Литмир - Электронная Библиотека

— Пусти! Тебе ведь больно! — возмутилась я, пытаясь осторожно отстраниться.

— Кто-то что-то мне про заботу излишнюю говорил? — мелко отомстил Глава Дисциплинарного Комитета.

— Бяка, — фыркнула я и, прекратив попытки вырваться, уткнулась носом в его шею. — Моя бяка. Любимая.

— Хм, — вот, да — это самый любимый его ответ на такие слова. Просто потому, что такой уж он человек — молчаливый и искренне верящий, что поступки говорят больше, чем слова. Эх, жаль, что ему такое же задание, что и Рёхею не выпало! А хотя нет, не жаль. Потому что эти крепкие, но очень нежные объятия и впрямь говорят куда больше любых слов, даже самых дорогих и важных…

Не знаю, сколько времени мы сидели обнявшись и наслаждаясь покоем и осознанием того, что наконец-то сумели понять друг друга. Вот только он явно всё еще корил себя за смерть Анны, но тут уж я ничего поделать не могла. А точнее, могла, но не за одну секунду и не с одной беседы…

Наконец Кёя разрушил тишину, прошептав:

— Больше не уходи. Я эгоист.

— Не уйду, — улыбнулась я и подумала, что никакой он не эгоист — просто искусно маскируется.

— Я ведь видел всё это время, что то травоядное к тебе неравнодушно, — нехотя и явно с раздражением процедил комитетчик. — Но я тебе верил, потому ничего не предпринимал.
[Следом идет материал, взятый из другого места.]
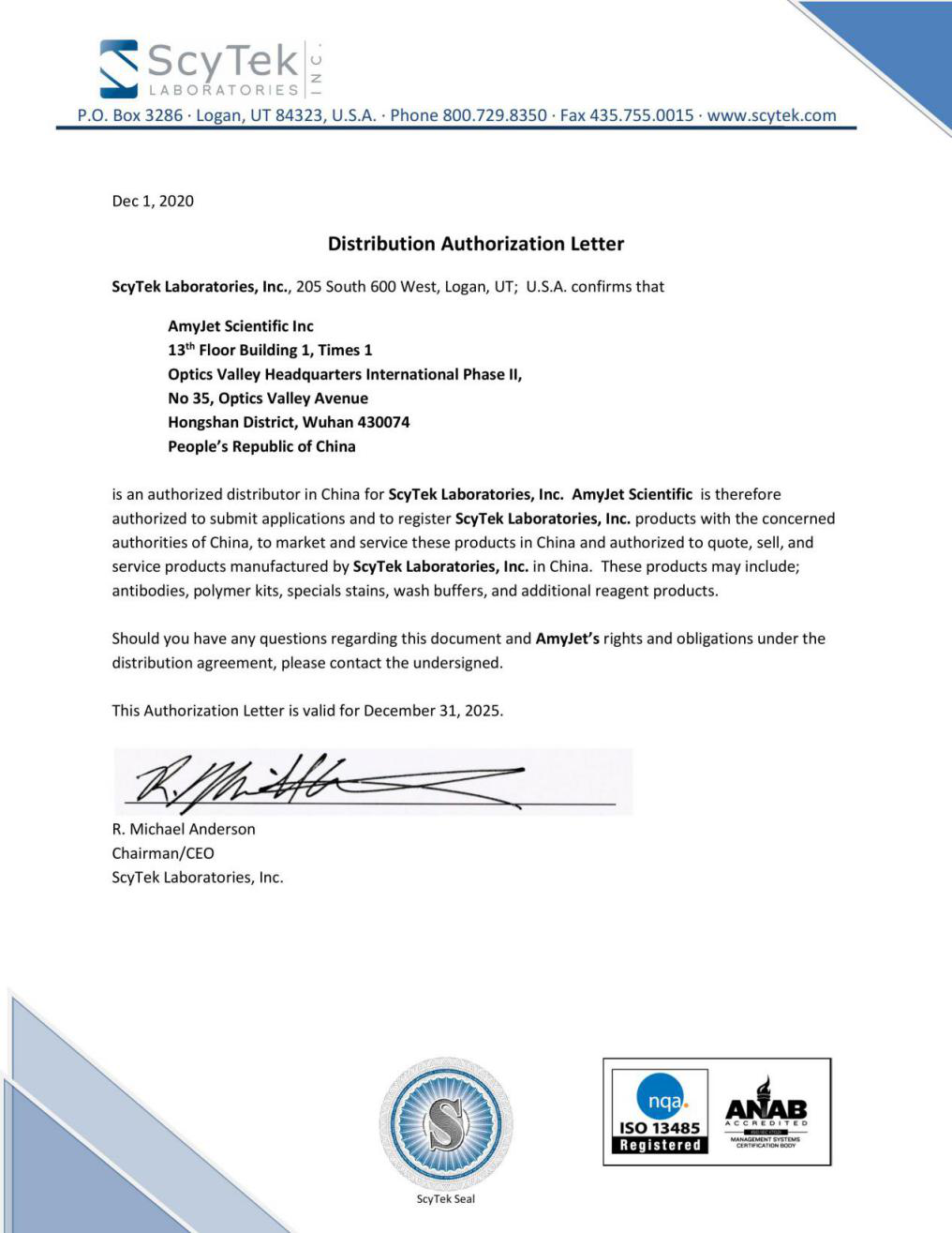 作為ScyTek在中國(guó)的區(qū)域總代理,艾美捷科技有限公司將為中國(guó)客戶提供最全面的ScyTek產(chǎn)品。下圖為ScyTek公司授權(quán)艾美捷科技有限公司(AmyJet Scientific Inc.)作為ScyTek在中國(guó)區(qū)域的代理授權(quán)書。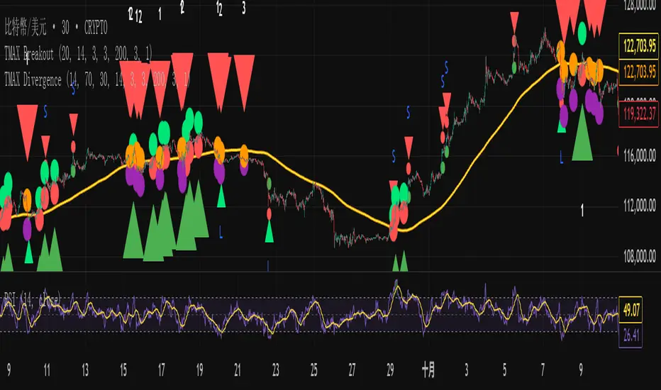TMAX Divergence is an RSI-based divergence detection indicator developed by EricFreeman, designed to identify early reversal signals in the market.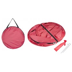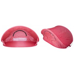 Mini Carpa plegable de Playa. Material 100% poliéster, con bolsillos interiores, ventana de ventilación y funda para guardar. Contiene varas de 3mm de espesor y un juego de 2 estacas para la arena en bolsita de poliéster. Muy práctica para proteger cabeza y niños pequeños de la exposición prolongada al sol. Fácil de armar y desarmar.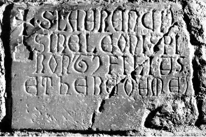 - ISCRIZIONI all'esterno della parete sinistra - S (EPULCRUM) LAURENTII SIBE LEONIS PIRONTIUS FILIUS ET HEREDUM EIUS - lettere capitali - a solchi - latino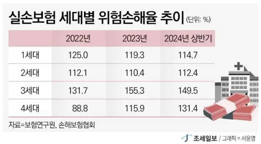2023년 상반기 기준 실손보험 손해율은 118.5%로, 보험사가 받은 보험료보다 더 많은 보험금을 지급한 상황입니다. 특히 3세대는 149.5%, 4세대는 131.4%로 적자 폭이 커졌습니다.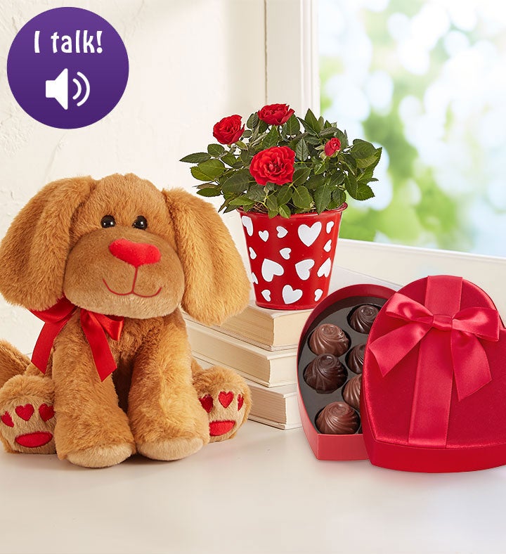 EXCLUSIVE Valentines of all ages will love cuddling up with our plush pup, Heart Throb™, part of our Lotsa Love collection. Sporting an adorable heart-shaped nose and heart-print paws, he arrives with our charming mini red rose plant designed in a matching heart planter. It’s the perfect pairing of cuddly and classic.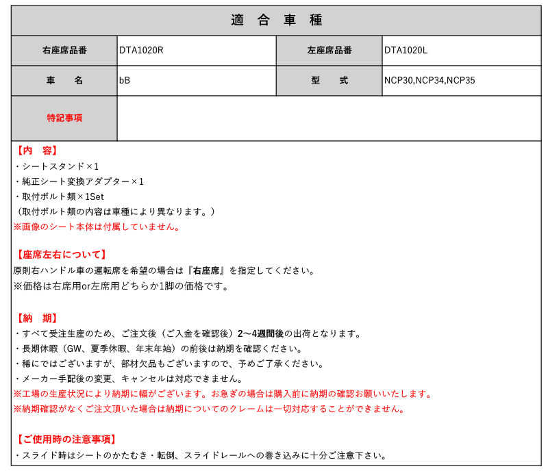 [N SPORT]NCP30,NCP34,NCP35 bB純正シート用ゲーミングシートスタンド(キャスター無し)[6×6ポジション] 收藏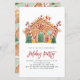 Convide a família e os amigos para a sua festa de férias com este convite de festa divertida e festiva. Ele apresenta uma ilustração aquosa de uma casa de pão de gengibre com canas doces vermelhas e verdes com padrão de feriado equivalente. Os textos são perfeitamente editáveis para todos os efeitos. Personalize adicionando evento, data, hora, local e outros detalhes. Você também pode mudar o padrão traseiro para uma foto ou qualquer outra imagem. Esta festiva casa de pão de gengibre está disponível no convite de festas de Natal em outros estoques.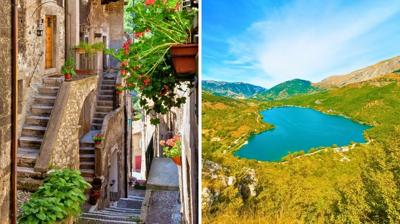 Il borgo di Scanno con il suo lago a forma di cuore sono uno dei luoghi più affascinanti da vedere in Abruzzo in primavera.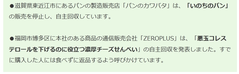 ●福岡市博多区に本社のある商品の通信販売会社「ZEROPLUS」は、「悪玉コレステロールを下げるのに役立つ濃厚チーズせんべい」の自主回収を発表しました。すでに購入した人には食べずに返品するよう呼びかけています。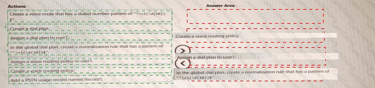 You need to configure voice routing for Direct Routing. The solution must only allow calling within the United States and Canada for a user named user1 ©contosoxom.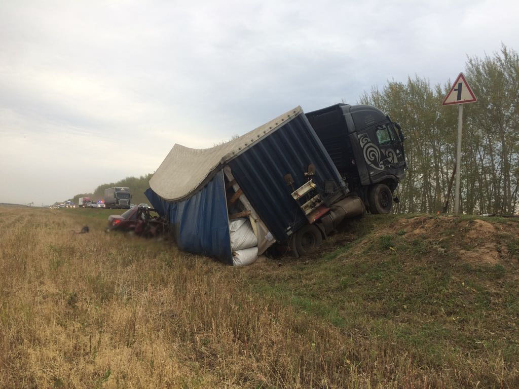 Сегодня около 16 часов 30 минут на 1235 км автодороги Москва – Уфа столкнулись «Лада Гранта», направлявшаяся в сторону г. Уфы, и встречный грузовик «Iveco» с полуприцепом.

Даже когда ты оставалась в его комнате одна. И я буду верить. Но будь осторожна.

— Буду, — покладисто согласилась я, подумав, что Мукуро никогда бы не сделал ничего такого, чего мне бы стоило опасаться, потому что всё же он был человеком чести, хоть и очень своеобразной, распространяющейся лишь на тех, кто ему дорог. «Избирательное рыцарство», право слово! Но Кёя в это никогда не поверит, а значит, не стоит и пытаться спорить с ним в этом вопросе. Время всё расставит по своим местам. И, возможно, когда-нибудь мне всё же удастся их помирить. Ненавязчиво и очень осторожно. Потому что они оба хорошие люди и не заслуживают того, чтобы жить с ненавистью в душе…

— Веришь ему? — фыркнул Глава Дисциплинарного Комитета, отлично меня понимавший.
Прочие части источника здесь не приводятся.